Enhanced sensitivity of tumor necrosis factor/lymphotoxin-α-deficient mice to Cryptococcus neoformans infection despite increased levels of nitrite/nitrate, interferon-γ and interleukin-12

Abstract

The cytokine network and infection severity were characterized during disseminated cryptococcosis in tumor necrosis factor (TNF)- and lymphotoxin (Lt)-α-deficient mice. On day 16, the fungus burden was higher and median survival time was reduced, as was polymorphonuclear leukocyte infiltrate in the brains of knockout mice.

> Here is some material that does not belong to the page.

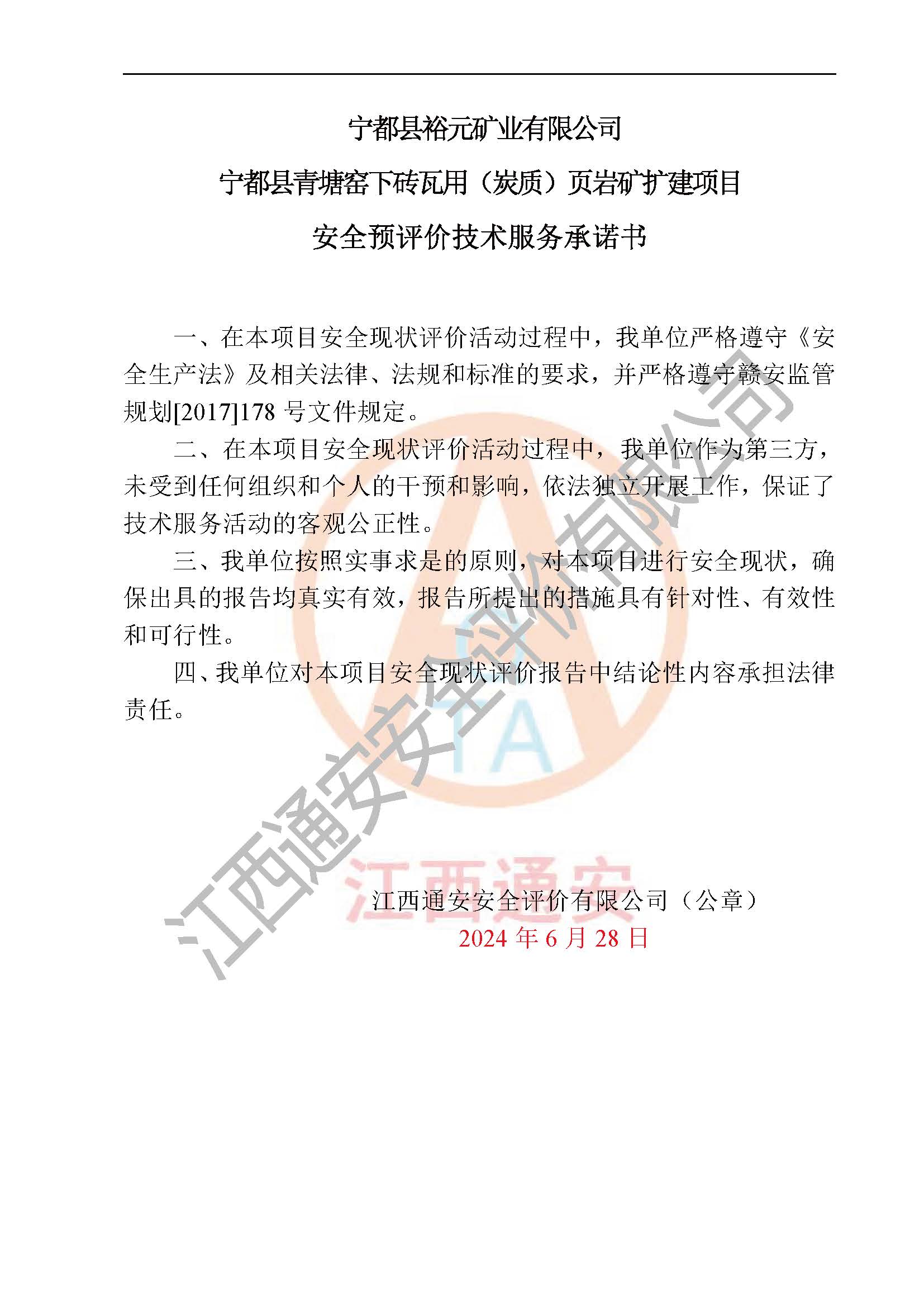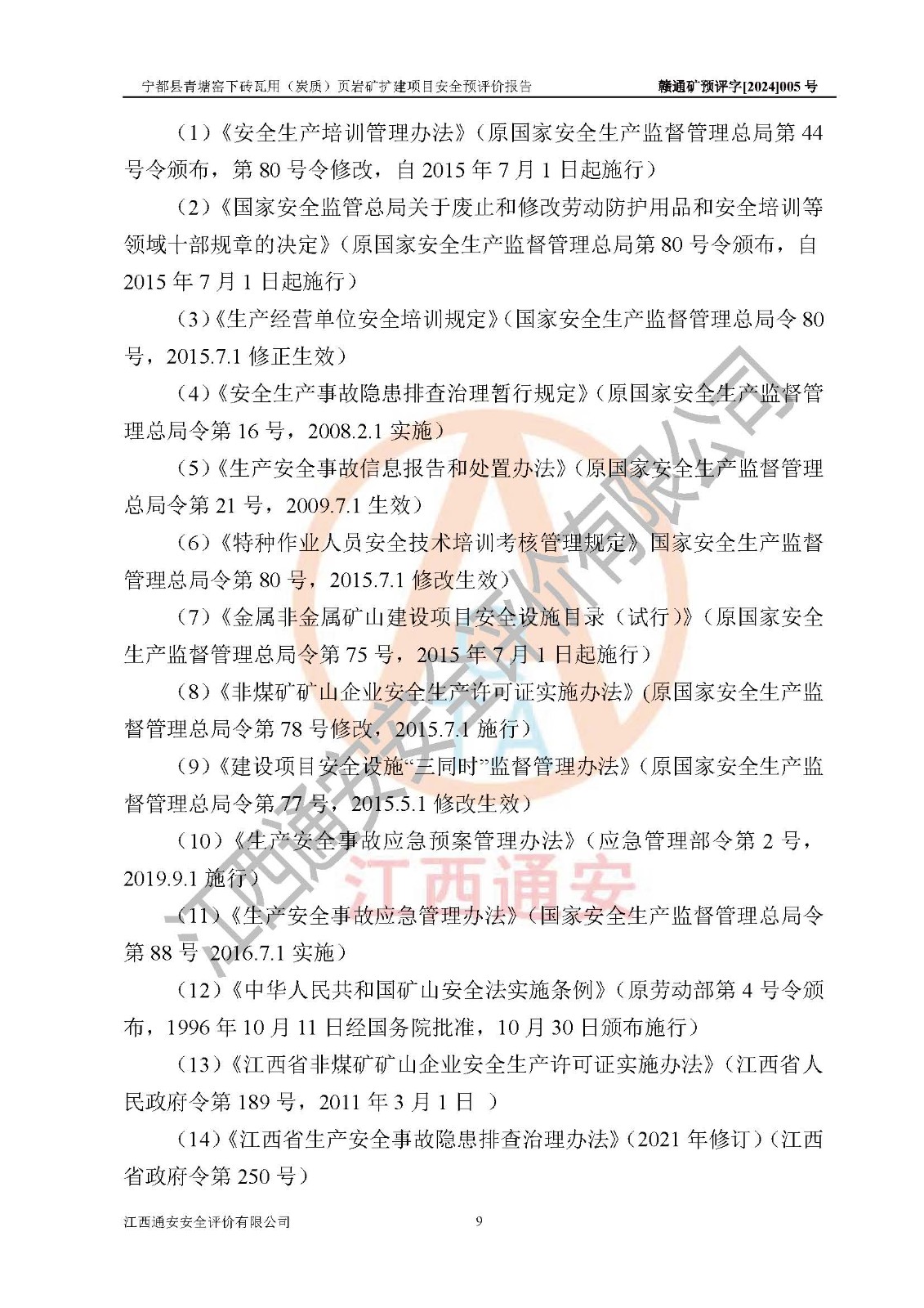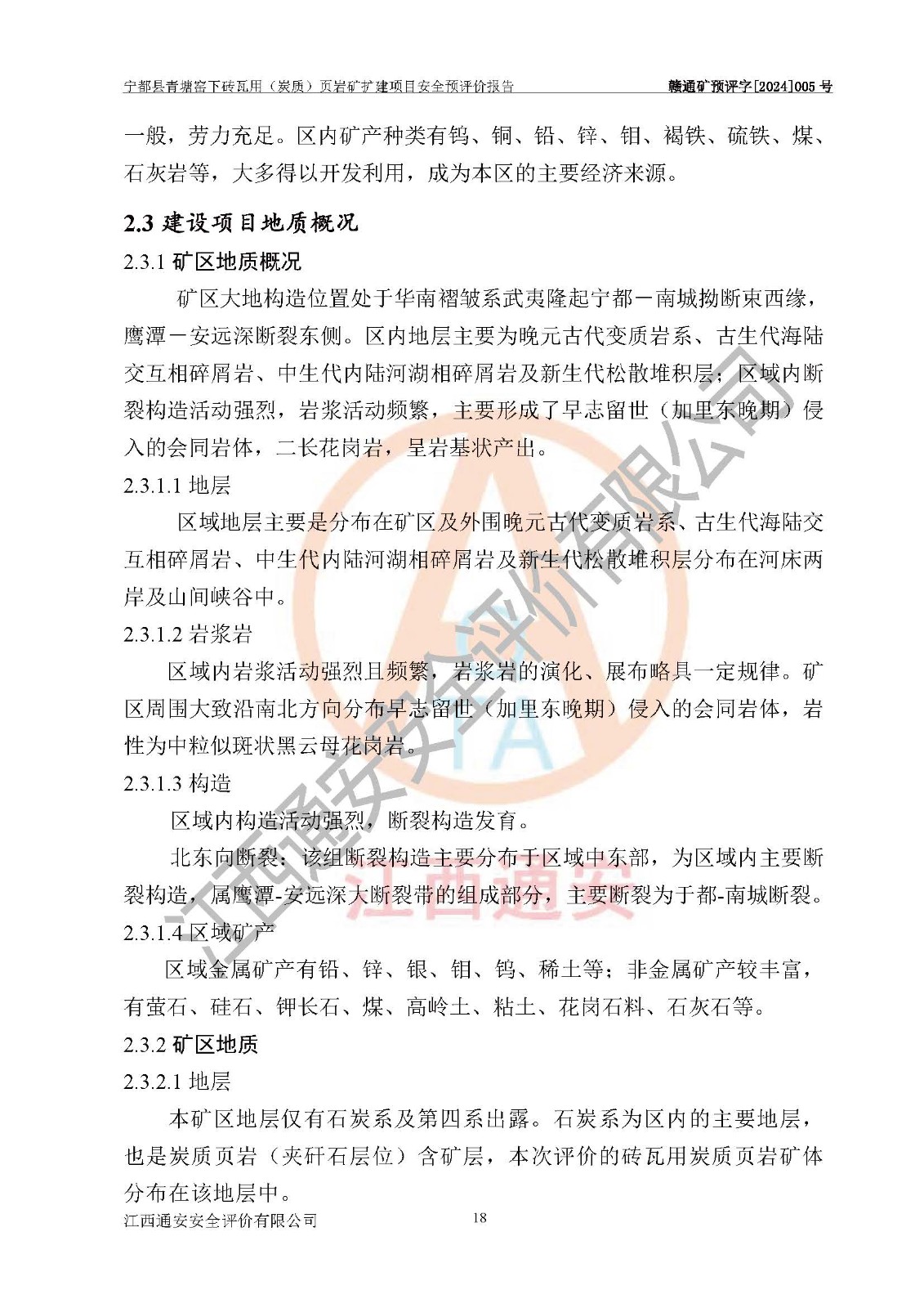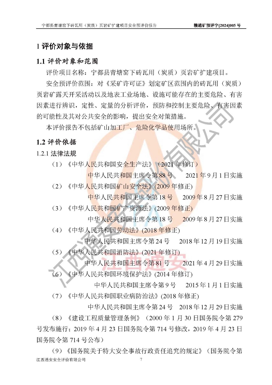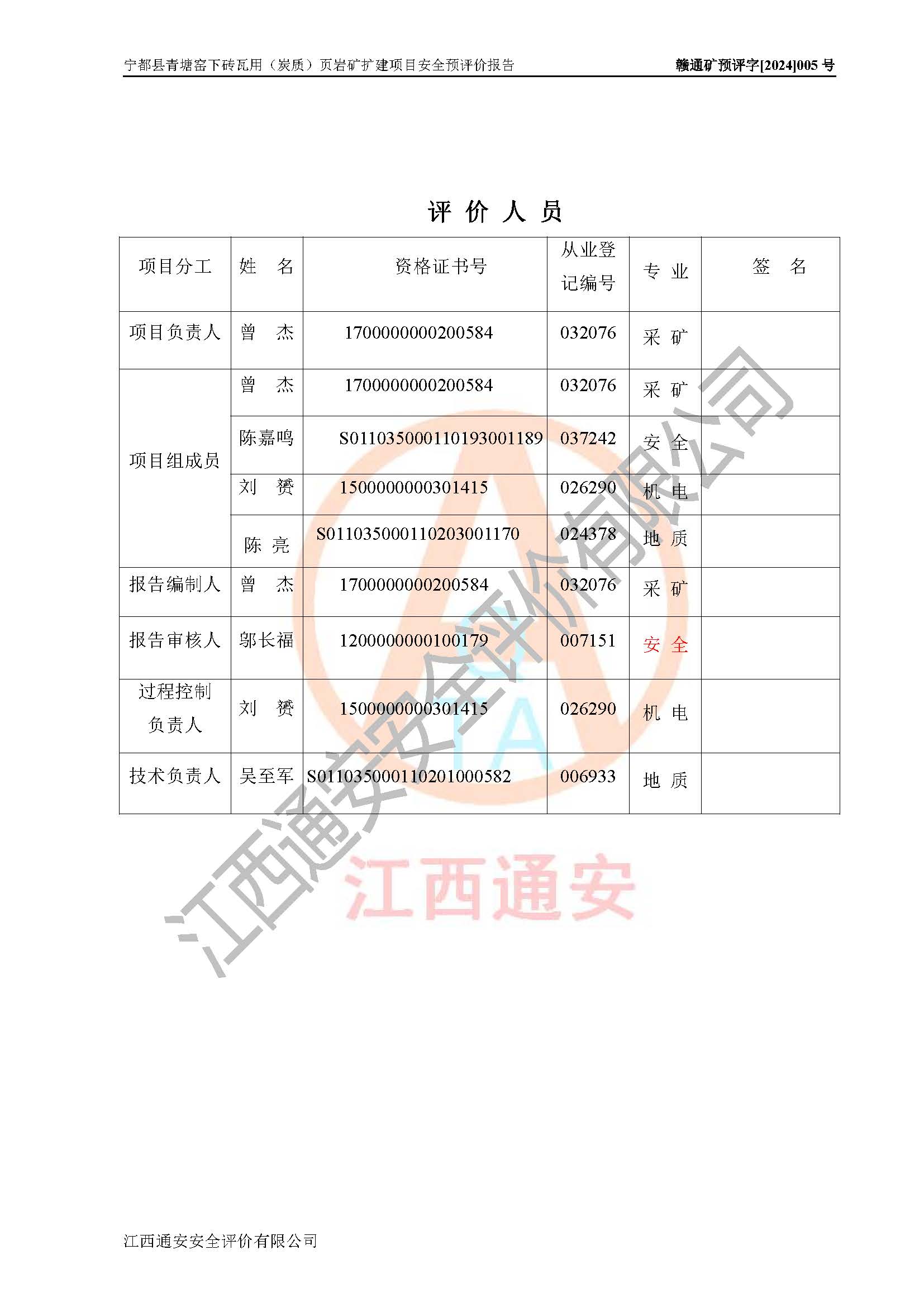 评价报告名称 | 宁都县裕元矿业有限公司宁都县青塘窑下砖瓦用(炭质)页岩矿扩建项目安全预评价报告 | ||||

TNF/Lt-α-deficient mice had lower levels of interleukin (IL)-6 in lungs and brains, IL-1β, and the chemokine KC in brain and spleen and of the chemokine monocyte chemoattractant protein (MCP)-1 in spleen than control animals. In contrast, higher levels of IL-6, IL-10, and MCP-1 in plasma and higher levels of IL-12, interferon (IFN)-γ, and nitrite/nitrate were found in all compartments of TNF/Lt-α-deficient mice. These data confirm that TNF or Lt-α is a key cytokine for the anticryptococcal response and demonstrate its major role for the induction of IL-1β, IL-6, and KC in the brain; however, its presence is not a prerequisite for IL-12, IFN-γ, and nitrite/nitrate production.